Character budget: - Per file: 20,000 chars max (70% head / 20% tail truncation) - Total prompt: 150,000 chars max
Variables {date}, {bot_name}, {owner_name}, {timezone} are replaced in the final prompt.
Streaming Pipeline¶
LLM Provider
|
| yields StreamEvent(type="text_delta", text="...")
v
Agent.run_turn_stream()
|
| yields StreamEvent to caller
v
TelegramAdapter._respond_stream()
|
| accumulates text
| sends draft at flush_interval
v
Bot.sendMessageDraft(chat_id, draft_id, text)
|
| final
v
Bot.sendMessage(chat_id, formatted_html)
Key points:
- Draft updates are paused during tool execution to avoid race conditions
- The Telegram adapter tracks the last sent draft text to avoid redundant updates
- Each streaming session gets a unique draft_id
- The final message is sent with HTML formatting (Markdown is converted)
Error Handling and Failover Flow¶
Agent calls provider.chat()
|
+--- Success --> return response
|
+--- Exception caught
| |
| classify_error(e) --> error_type
| |
| +--- PERMANENT (auth, billing)
| | --> raise immediately
| |
| +--- TRANSIENT (rate_limit, overloaded, timeout)

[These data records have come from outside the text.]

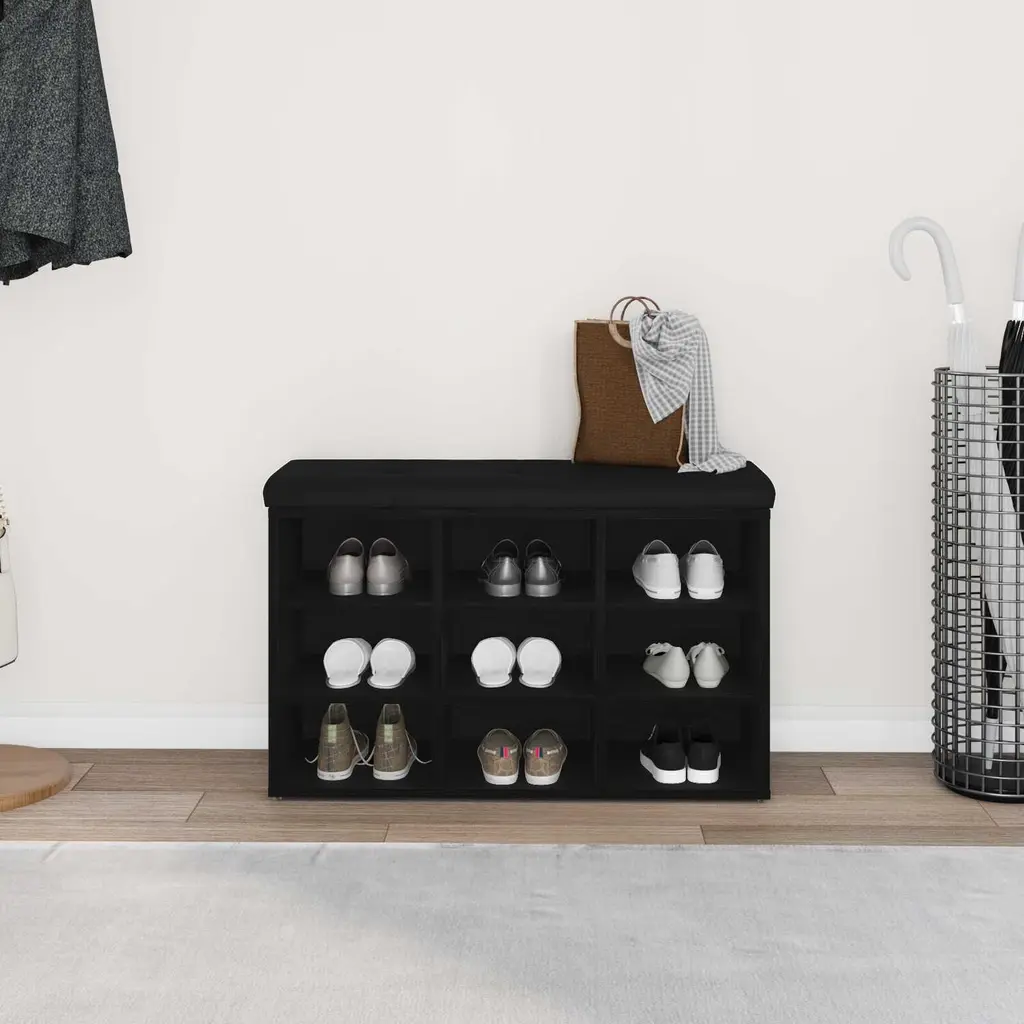 Vidaxl Shoe Bench With Storage Black 80 X 30 X 48 Cm Engineered Wood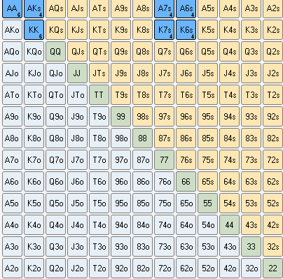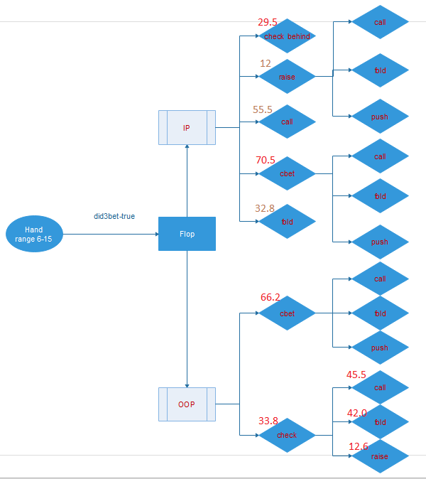 Построил кривенькое дерево решений для флопа в 3бет банке(я сделал 3бет),для терна и ривера по аналогии изи сделать.Осталось распихать комбы на разных структурах доски.Это я уже сделаю за кадром Хз поможет это или нет,но катать без хада на пати желания нет) Бля какая же жесть,я за 5$ борюсь по 5 часов.Хуево быть ничтожеством PokerStars No-Limit Hold'em, $200.00 BB (2 handed)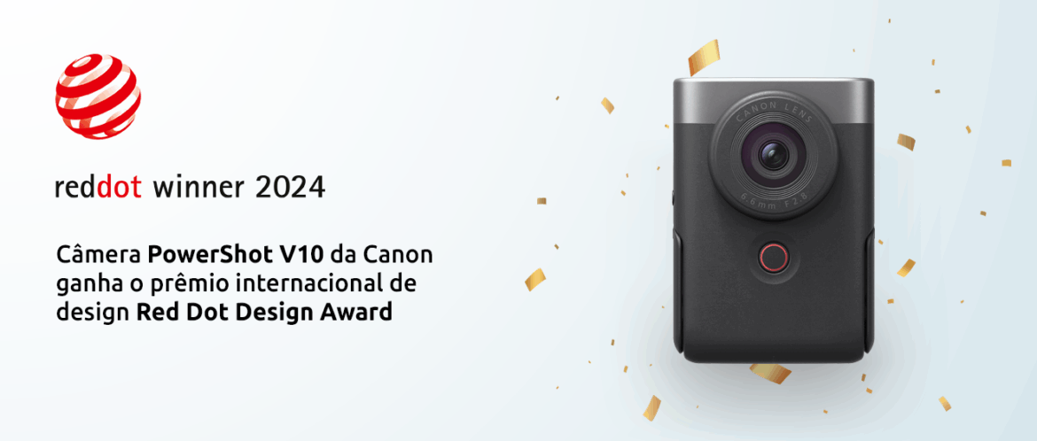 Câmera PowerShot V10 da Canon ganha o prêmio internacional de design Red Dot Design Award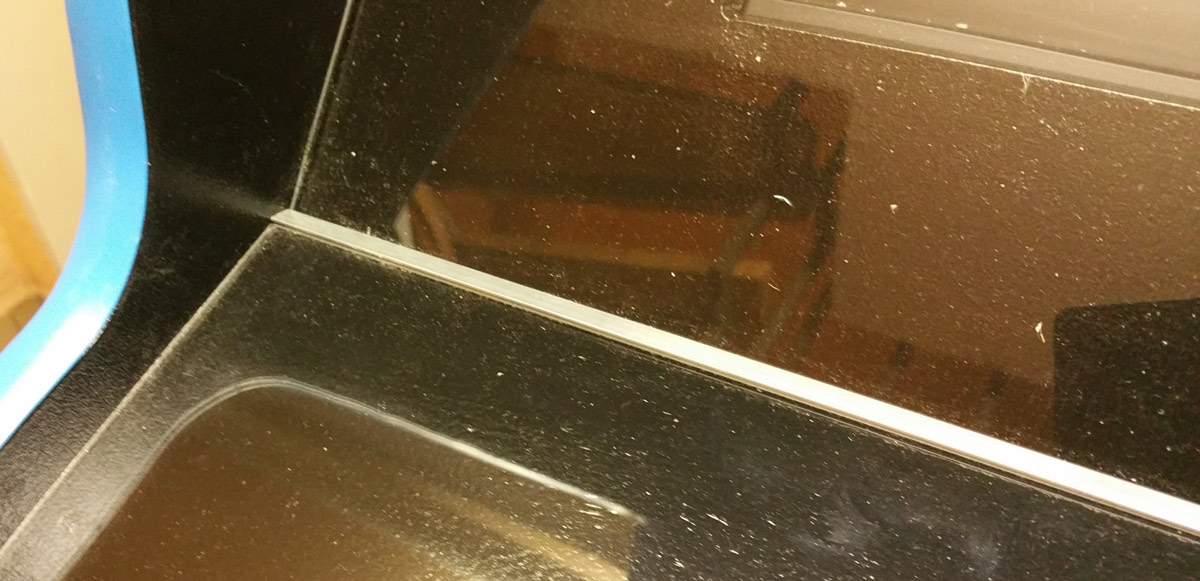 Der Marquee war nur eine Inkjetfolie zum testen der Beleuchtung. Die Lichtquelle ist eine LED Lichtleiste vom ALDI, die passt perfekt, einen gewinkelten Stecker vorausgesetzt. Der vordere Teil der oberen Abdeckung würde getrennt eingbaut und lässt ich abnehmen, um eine Art Wartungsklappe zu haben. Der Marquee besteht aus zwei Lagen Plexiglas (eins klar, eins mattiert mit Schleifpapier) er kann durch Öffnen der Klappe ausgetauscht werden.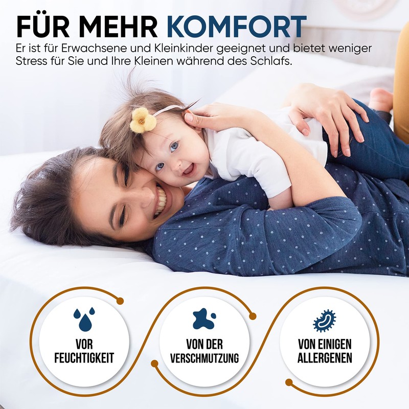 - Guaranteed protection and savings: Thanks to your mattress protector, the life of your mattress is extended and you can save money. You no longer have to change your mattress every few years, whether for age reasons or because it is worn or stained. Protects your mattress from sweat, liquids, incontinence, dust and stains, etc.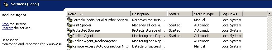 If you installed Redline as a service, the agent is not started. It is important to start the agent manually after installation. To start Redline as a service, start it from the Windows Services interface.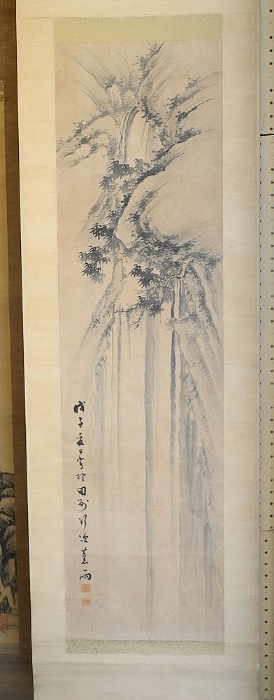 LOT 48 Ink Scroll Attributed to Shoyu, Sight 48" x 13", "Waterfall". Estimate: $200 - $400 Auction Date: Tuesday, July 16 2024 at 4:00 PM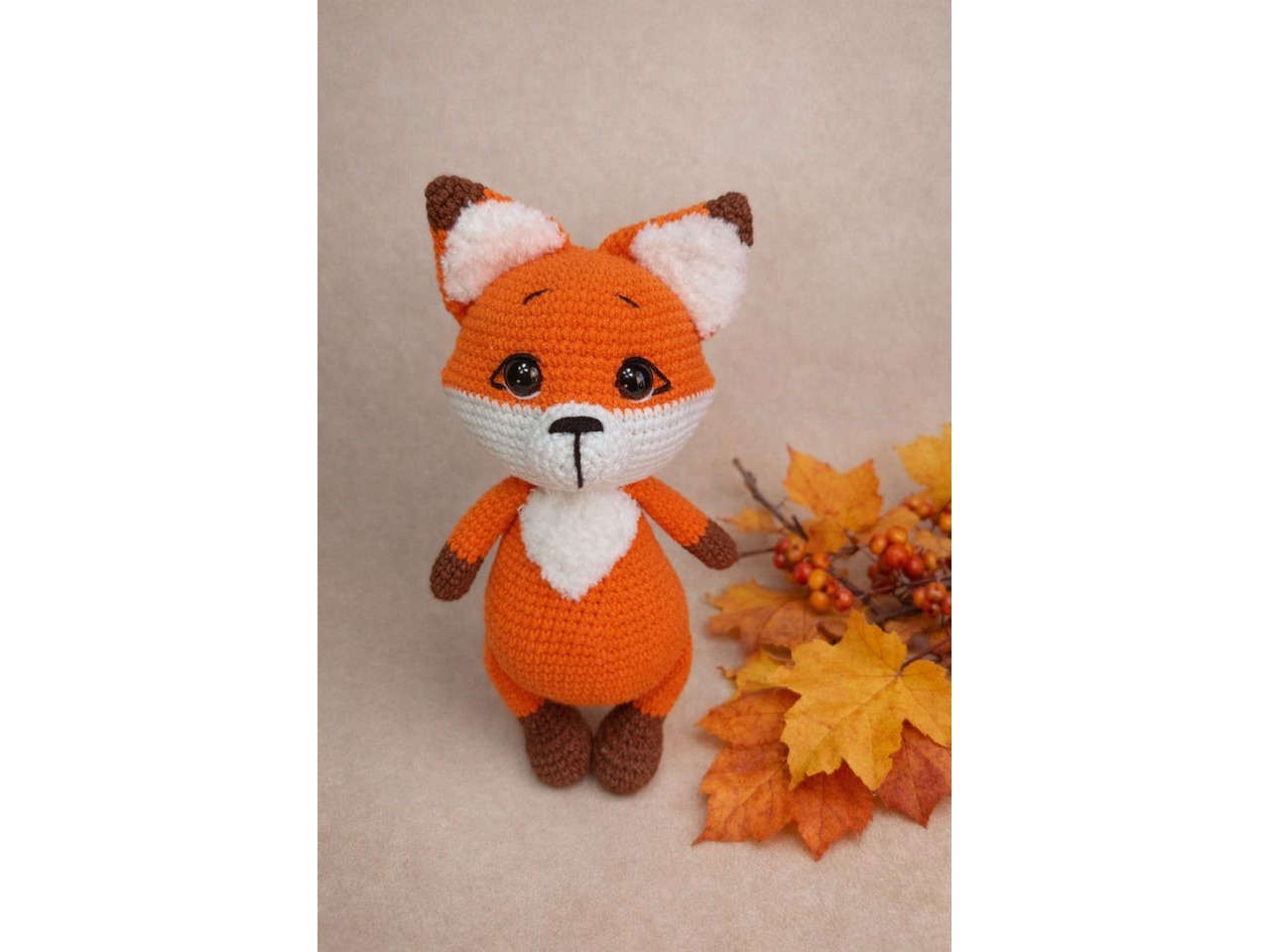 Лисичка ручної роботи. Зріст 22 см. Очі на безпечному кріпленні. Самостійно стояти не вміє. Наповнювач - холлофайбер.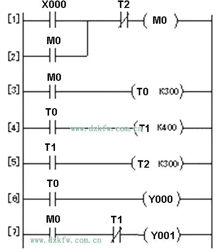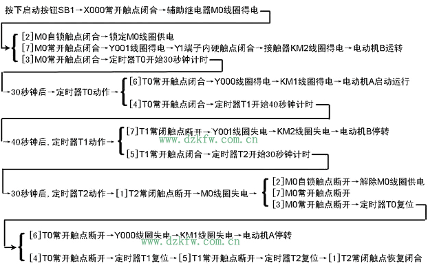 多定时器组合控制的plc线路与梯形图它可以实现的功能是:按下起动按钮后电动机B马上运行,30秒钟后电动机A开始运行,70秒后电动机B停转,100秒后电动机A停转。PLC线路与梯形图说明如下: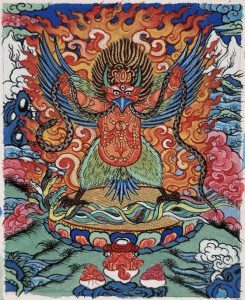 大鹏鸟即是佛教所谓的金翅鸟,是一种有五种神通(神足通,他心通,宿命通,天耳通,天眼通)的飞禽。大鹏金翅鸟出生就具备飞翔的力量,伸展天生坚硬似铁的喙爪,翘着金刚钻石般的角,顶上有奕奕放光的宝珠,火眼如同日月般闪烁,钢铁一般坚固的嘴如铁钩,宛如宝剑般的翅膀在空中舞动,金色利刃的翎羽缝隙中降下热沙雨,居住在大铁树上。以龙为食。这里指的龙也是有五种神通:神足通,他心通,宿命通,天耳通,天眼通。它们此类众生异常凶狠残暴,因此当它死亡时,身上燃起熊熊烈火,不仅将自身所有的血肉骨焚为灰迹,而且能够焚烧周围的一切林园。据说大鹏鸟的心脏是一颗宝珠,死后坠入海底。它每天要吃一个龙王及五百条小龙,因此,它体内积蓄了极重的毒气,到命终时,龙毒发作,上下翻飞七次,飞到金刚山顶上自焚而亡。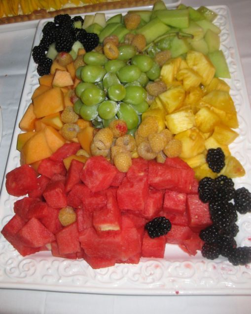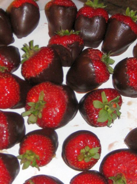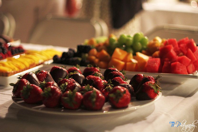 Strawberries dipped in chocolate and large fruit tray from Hanh.

| | --> retry with exponential backoff (2s, 4s, max 30s)
| | --> up to 2 retries
| |
| +--- UNKNOWN
| --> raise immediately
|
[If all retries fail]
|
+--- rate_limit --> "Limitga yetdik..."
+--- auth --> "API kalitda xatolik..."
+--- billing --> "API hisob muammosi..."
+--- other --> "Xatolik yuz berdi..."
With FailoverProvider, the flow extends:
FailoverProvider.chat()
|
Try active provider
| |
| Success --> mark_success(), return
| |
| Failure --> classify_error(), mark_failed()
| |
| cooldown = 120s * failure_count (max 600s)
| |
Try next available provider
| ...
|
All providers exhausted --> raise last error
Context Management Flow¶
Turn N: input_tokens = 45,000 / 200,000 max (22.5%)
--> Normal operation
Turn N+5: input_tokens = 100,000 (50%)
--> Working buffer ACTIVATES
--> Exchanges logged to working-buffer.md
Turn N+10: estimated next = 128,000 (64% > 60% threshold)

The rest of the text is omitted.